-- Available data --

——————————

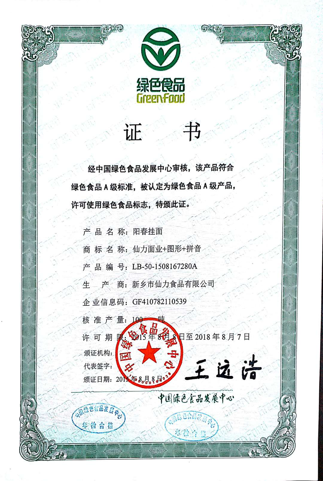 陽(yáng)春掛面-綠色食品證書
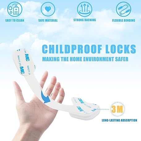 10 Pack Child Proof Cabinet Locks, Multi-Purpose 3M Adhesive Mats Baby Locks for Fridges, Ovens, Closets, Doors, Windows, Toilets, Adjustable Child Locks for Cabinets and Drawers
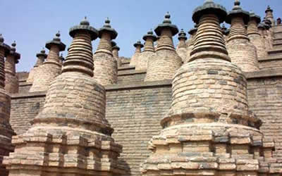 中國(guó)古代大型喇嘛塔群。在寧夏青銅峽市青銅峽水庫(kù)西岸山坡上。塔自上而下按 1、3、5、7、9……19奇數(shù)錯(cuò)落排列成12層,每層塔前用磚砌護(hù)墻一道,地面用磚鋪墁,構(gòu)成一個(gè)等邊三角形塔群,共
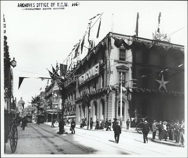 1901 Sydney . George Street, decorated for the visit of the Duke and Duchess of Cornwall and York

——————————

-- What the task requires --
Restate word for word the lines running from the first line of the material to the line containing "10 Pack Child", inclusive, and drop every picture.

-- Answer --
 陽(yáng)春掛面-綠色食品證書
 10 Pack Child Proof Cabinet Locks, Multi-Purpose 3M Adhesive Mats Baby Locks for Fridges, Ovens, Closets, Doors, Windows, Toilets, Adjustable Child Locks for Cabinets and Drawers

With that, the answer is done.